Hebron is a town in Jefferson County, Wisconsin, United States. The population was 1,043 at the 2020 census. The census-designated place of Hebron is located in the town.

Geography
According to the United States Census Bureau, the town has a total area of 28.9 square miles (75.0 km2), of which 28.9 square miles (74.7 km2) is land and 0.1 square miles (0.3 km2), or 0.35%, is water.

Demographics

As of the census of 2000, there were 1,135 people, 391 households, and 303 families residing in the town. The population density was 39.3 people per square mile (15.2/km2). There were 410 housing units at an average density of 14.2 per square mile (5.5/km2). The racial makeup of the town was 98.68% White, 0.18% Black or African American, 0.53% Native American, 0.09% Asian, 0.09% from other races, and 0.44% from two or more races. 2.38% of the population were Hispanic or Latino of any race.
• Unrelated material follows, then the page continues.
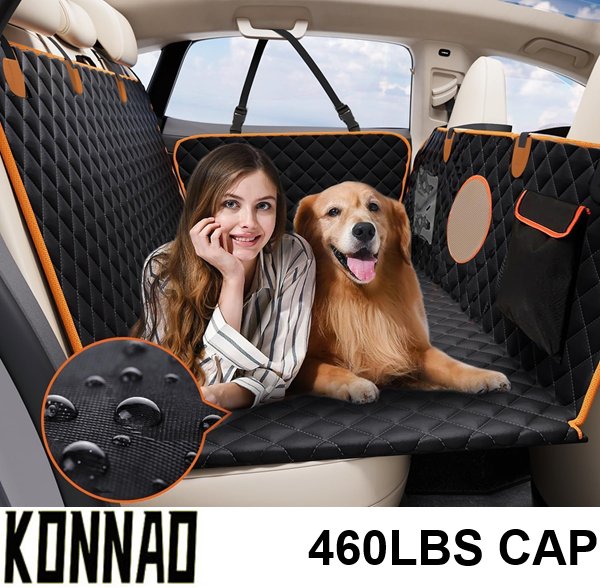 KONNAD Back Seat Extender Hard Bottom Dog Car Seat Cover - 460LBS CAP - BLACK/ORANGE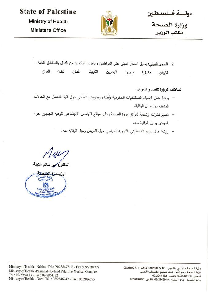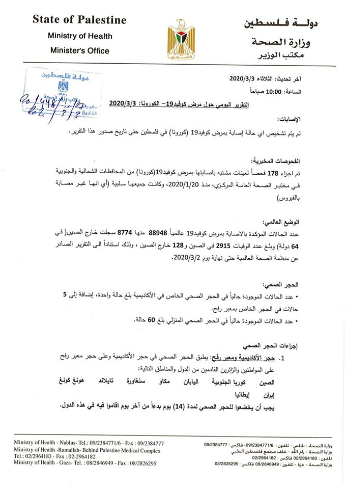 وزارة الصحة تعلن عن آخر المستجدات بخصوص فيروس كورونا، حيث أجرت 178 فحصا لعينات مشتبه بإصابتها بالفيروس من المحافظات الشمالية والجنوبية والنتيجة خلوها من الفيروس.

There were 391 households, out of which 39.9% had children under the age of 18 living with them, 67.8% were married couples living together, 5.9% had a female householder with no husband present, and 22.3% were non-families. 17.9% of all households were made up of individuals, and 7.2% had someone living alone who was 65 years of age or older. The average household size was 2.86 and the average family size was 3.24.

In the town, the population was spread out, with 28.7% under the age of 18, 6.9% from 18 to 24, 30.5% from 25 to 44, 24.5% from 45 to 64, and 9.4% who were 65 years of age or older. The median age was 37 years. For every 100 females, there were 98.4 males. For every 100 females age 18 and over, there were 97.8 males.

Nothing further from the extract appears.